▶ **Task to complete**
Return only the lines of the listing below that run from the line with "DG Dr. No delivers" through the line with "Page 57 of 58", both ends included, exactly as written.

▶ **Input**
════════════════════

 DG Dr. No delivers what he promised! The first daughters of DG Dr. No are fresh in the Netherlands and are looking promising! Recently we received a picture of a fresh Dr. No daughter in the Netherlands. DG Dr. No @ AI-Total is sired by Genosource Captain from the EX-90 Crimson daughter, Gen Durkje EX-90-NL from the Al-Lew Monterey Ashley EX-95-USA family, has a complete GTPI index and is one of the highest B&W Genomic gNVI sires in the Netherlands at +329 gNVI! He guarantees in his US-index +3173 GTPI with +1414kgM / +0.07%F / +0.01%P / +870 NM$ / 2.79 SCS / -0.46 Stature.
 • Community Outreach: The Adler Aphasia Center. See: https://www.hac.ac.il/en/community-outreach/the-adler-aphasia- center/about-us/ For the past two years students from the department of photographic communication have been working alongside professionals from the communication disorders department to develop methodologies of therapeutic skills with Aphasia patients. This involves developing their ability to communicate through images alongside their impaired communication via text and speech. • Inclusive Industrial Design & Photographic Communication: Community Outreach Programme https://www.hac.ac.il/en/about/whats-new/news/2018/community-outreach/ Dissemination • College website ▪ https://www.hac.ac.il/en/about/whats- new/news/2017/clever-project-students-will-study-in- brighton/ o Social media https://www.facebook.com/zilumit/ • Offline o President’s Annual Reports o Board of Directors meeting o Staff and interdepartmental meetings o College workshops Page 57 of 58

════════════════════

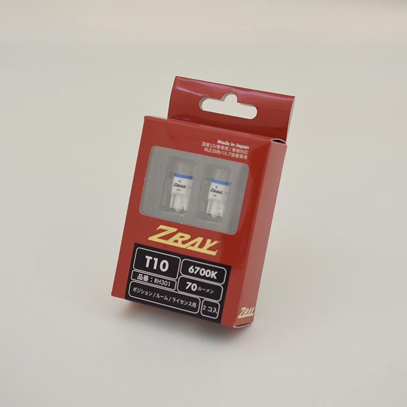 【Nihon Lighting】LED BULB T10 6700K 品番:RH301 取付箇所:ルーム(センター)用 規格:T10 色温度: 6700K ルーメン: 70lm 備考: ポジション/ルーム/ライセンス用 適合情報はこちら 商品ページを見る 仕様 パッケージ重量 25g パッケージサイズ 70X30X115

════════════════════

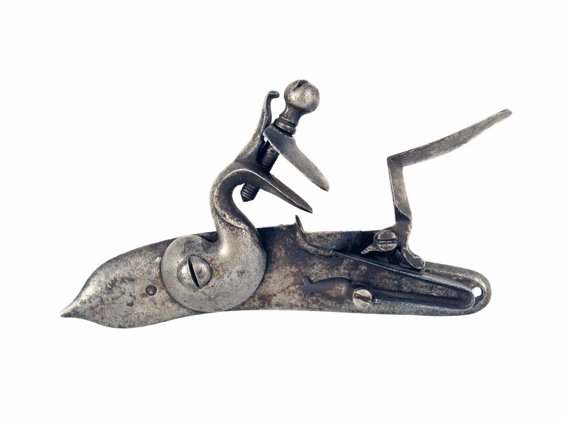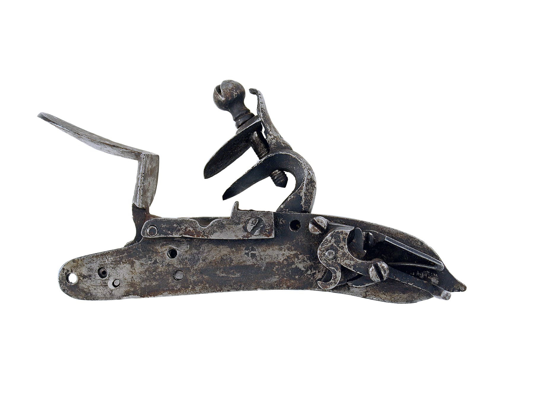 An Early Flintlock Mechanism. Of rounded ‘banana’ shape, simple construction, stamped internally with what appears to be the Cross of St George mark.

════════════════════

▶ **Solution**
 DG Dr. No delivers what he promised! The first daughters of DG Dr. No are fresh in the Netherlands and are looking promising! Recently we received a picture of a fresh Dr. No daughter in the Netherlands. DG Dr. No @ AI-Total is sired by Genosource Captain from the EX-90 Crimson daughter, Gen Durkje EX-90-NL from the Al-Lew Monterey Ashley EX-95-USA family, has a complete GTPI index and is one of the highest B&W Genomic gNVI sires in the Netherlands at +329 gNVI! He guarantees in his US-index +3173 GTPI with +1414kgM / +0.07%F / +0.01%P / +870 NM$ / 2.79 SCS / -0.46 Stature.
 • Community Outreach: The Adler Aphasia Center. See: https://www.hac.ac.il/en/community-outreach/the-adler-aphasia- center/about-us/ For the past two years students from the department of photographic communication have been working alongside professionals from the communication disorders department to develop methodologies of therapeutic skills with Aphasia patients. This involves developing their ability to communicate through images alongside their impaired communication via text and speech. • Inclusive Industrial Design & Photographic Communication: Community Outreach Programme https://www.hac.ac.il/en/about/whats-new/news/2018/community-outreach/ Dissemination • College website ▪ https://www.hac.ac.il/en/about/whats- new/news/2017/clever-project-students-will-study-in- brighton/ o Social media https://www.facebook.com/zilumit/ • Offline o President’s Annual Reports o Board of Directors meeting o Staff and interdepartmental meetings o College workshops Page 57 of 58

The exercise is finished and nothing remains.